Please print exactly the lines from the line containing "Az egyik ovális" through the end of the data, no more, and keep pictures out of the copy.
───── EXERCISE DATA ─────
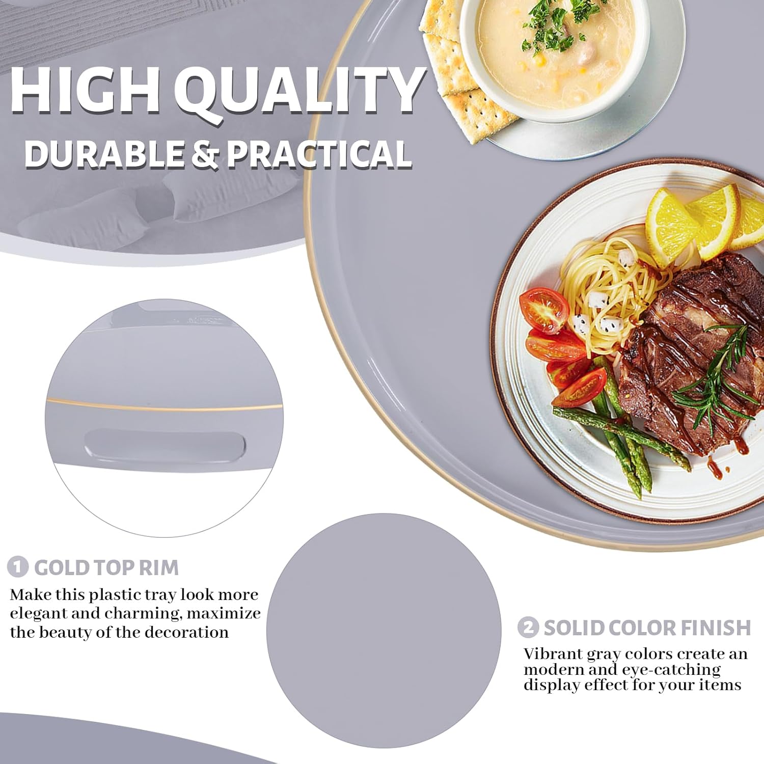 - TRAY DECOR: Gray tray is often used to present food and drinks in an appealing and organized manner. Round table tray can enhance the visual appeal of the items being served, making them more enticing to guests or customers. Also place it on your bathroom vanity as an exquisite showcase for perfumes, jewelry, or bath accessories.
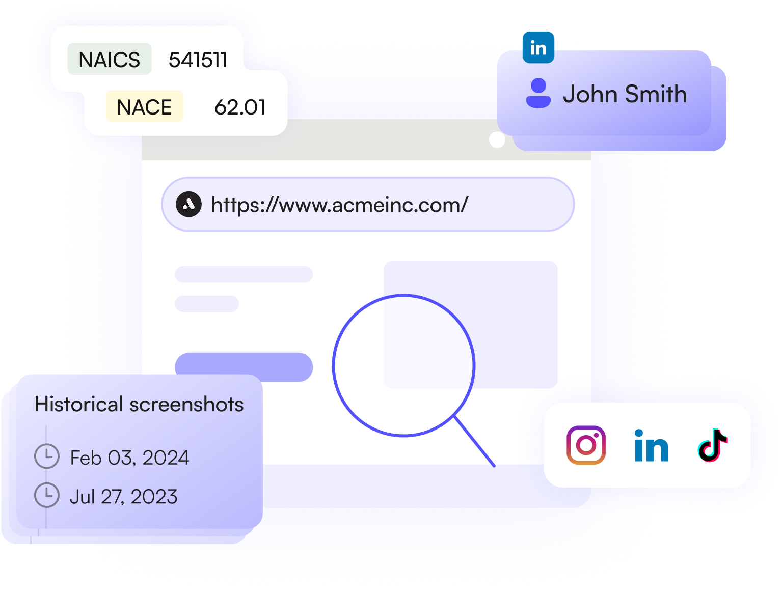 - Categorizes the business using NAICS, MCC, and SIC codes.
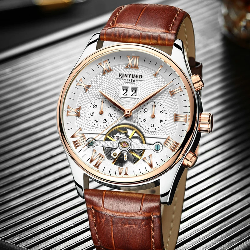 . Vente Kinyued Véritable Montre Mécanique Automatique pour Hommes Tourbillon à Remontage Manuel Montres Squelette Hommes Bracelet En Cuir Montre Bracelet Étanche Pas Cher En Ligne.
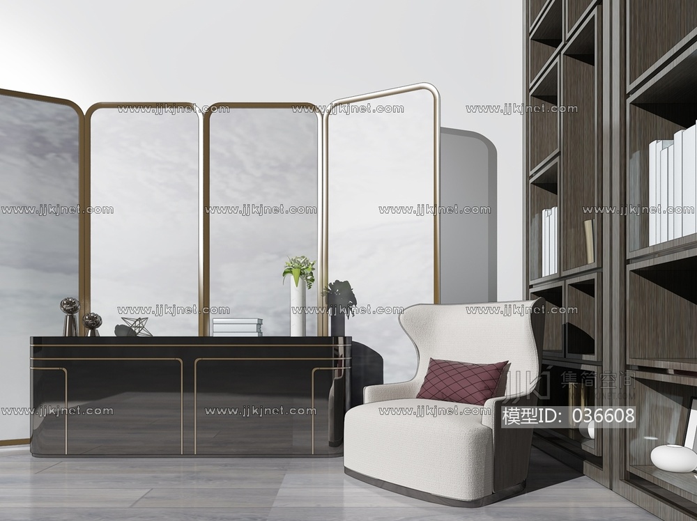H18-0329简欧式现代轻奢单人休闲沙发装饰柜边柜屏风 3d模型下载 [模型ID:36608]
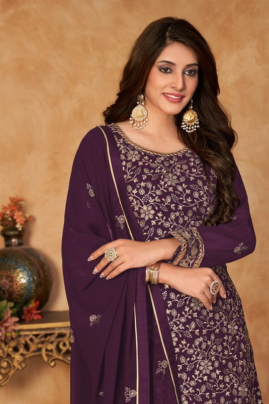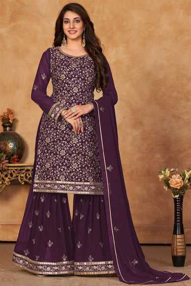 Georgette Fabric Purple Color Sangeet Wear Soothing Sharara Suit
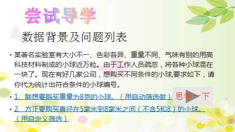 2、方正要购买直径在5毫米到8毫米之间(不含5和8)的小球。(用自定义筛选)
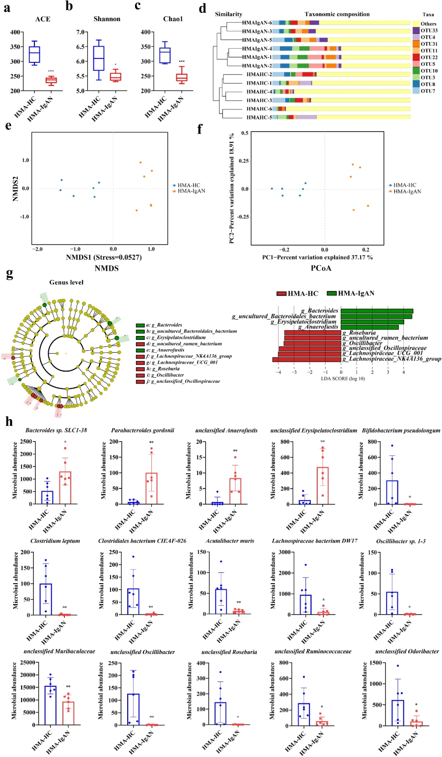 进一步分析发现:与HMA-HC组相比,HMA-IgAN组小鼠肠道微生物群的α多样性显著降低。β多样性分析显示,两组的聚类之间存在明显的分化。两组的微生物群特征也存在显著差异。在属水平上,HMA-IgAN小鼠表现出拟杆菌属(Bacteroides)、未培养的拟杆菌目细菌(uncultured Bacteroidales bacterium)、丹毒丝菌属(Erysipelatoclostridium)和厌氧梭菌属(Anaerofustis)的增加。相对应的种水平丰度也发生了显著的升高或降低,以上结果表明,HMA-IgAN小鼠模型可以诱导肠道微生物群多样性(ACE、Shannon和Chao1指数)的紊乱以及微生物群落结构的改变。
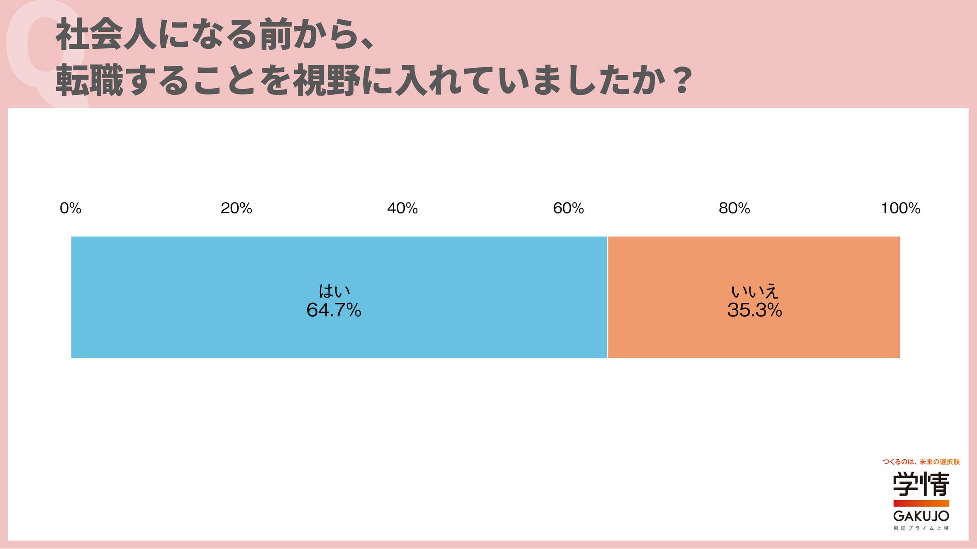 「社会人になる前から、転職を視野に入れていた」と回答した20代が64.7%に上りました。6割を超える20代が、社会人になる前から転職をキャリアの選択肢にしていたことが分かります。
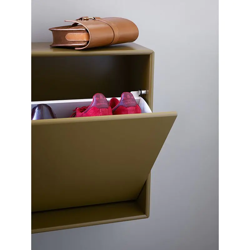 HIDE fits perfectly for the small entrance where storing shoes, gloves and other accessories is a must to keep everything in order. HIDE is a versatile shoe cabinet with a flip-drawer and interior plastic mat as protection from filths and scratches.
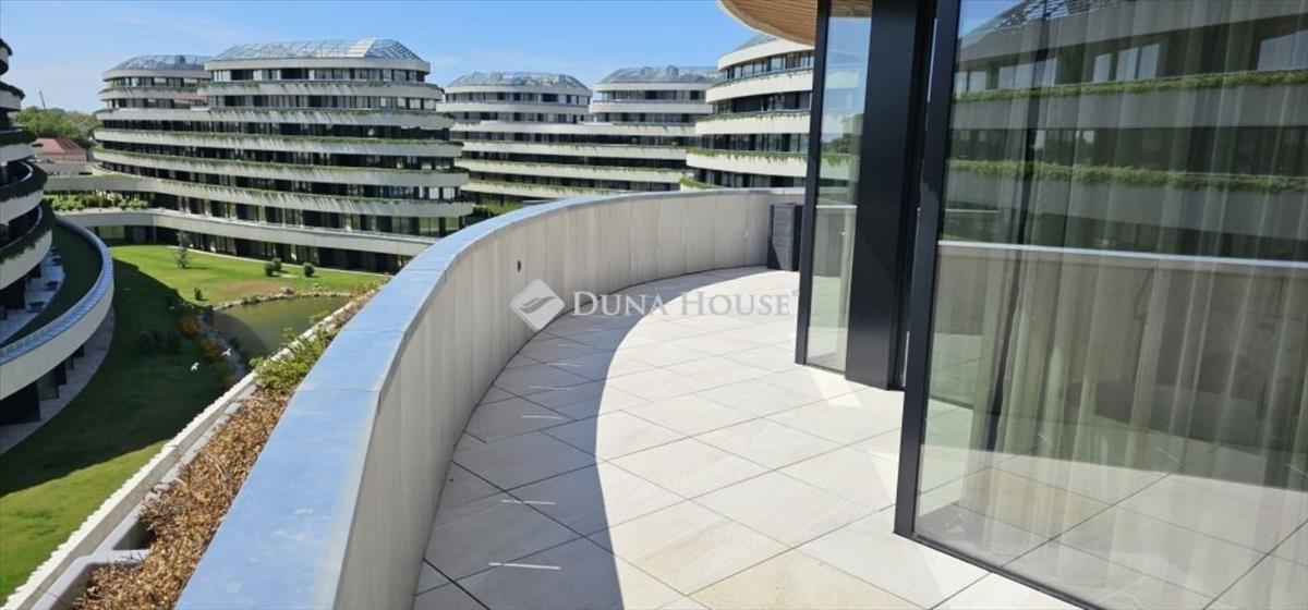 Az egyik ovális épület 3. emeletén található, 41 m² alapterületű, kiváló elosztású ingatlanhoz egy impozáns, 41 m²-es fedett terasz tartozik, melyről gyönyörű, tóra néző panoráma élvezhető.
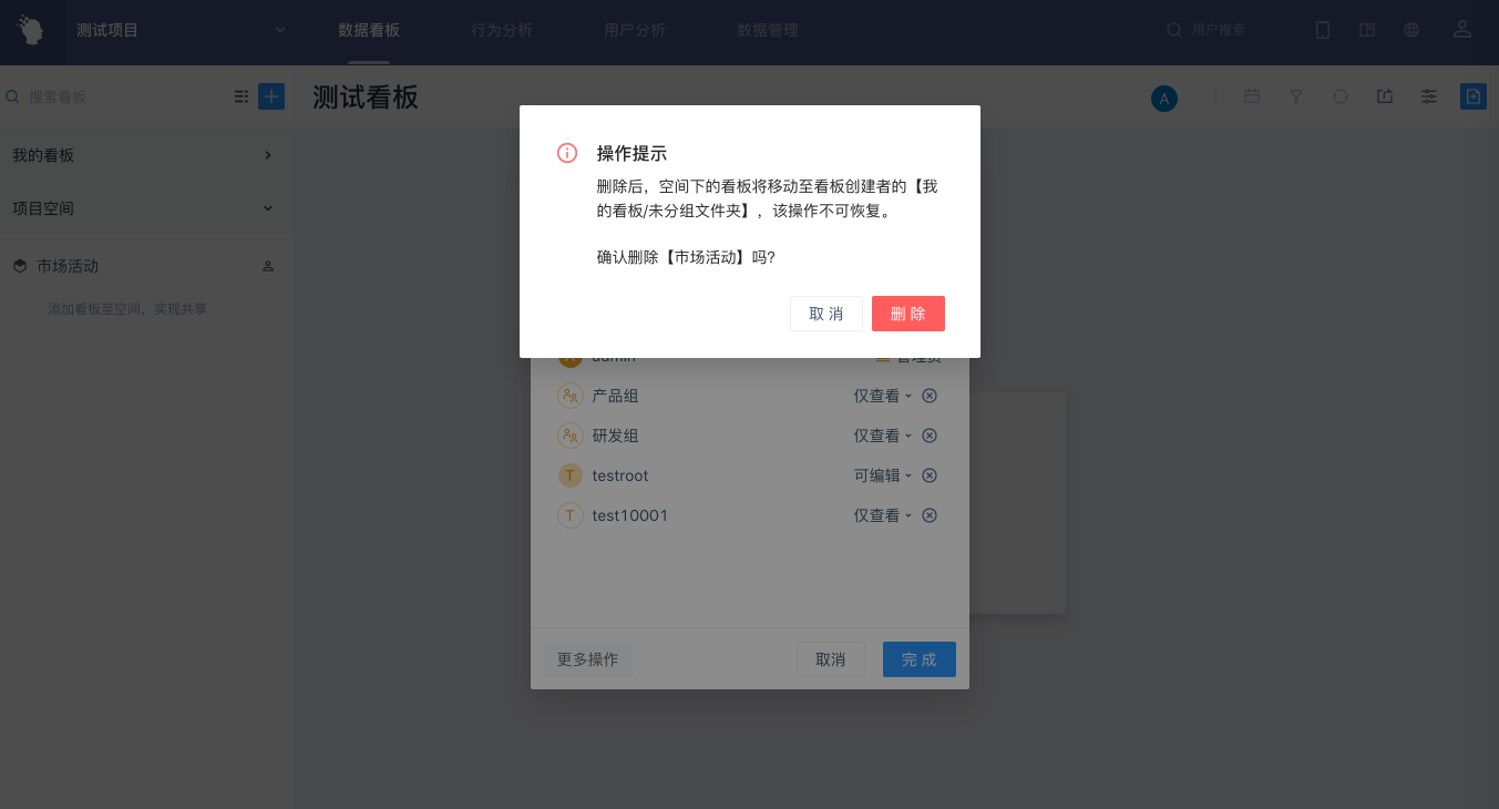 - 移交空间:选择项目成员作为新的管理员,移交后,原管理员将变为空间成员。移交对象需为分析师及以上角色
─────
RESPONSE:
 Az egyik ovális épület 3. emeletén található, 41 m² alapterületű, kiváló elosztású ingatlanhoz egy impozáns, 41 m²-es fedett terasz tartozik, melyről gyönyörű, tóra néző panoráma élvezhető.
 - 移交空间:选择项目成员作为新的管理员,移交后,原管理员将变为空间成员。移交对象需为分析师及以上角色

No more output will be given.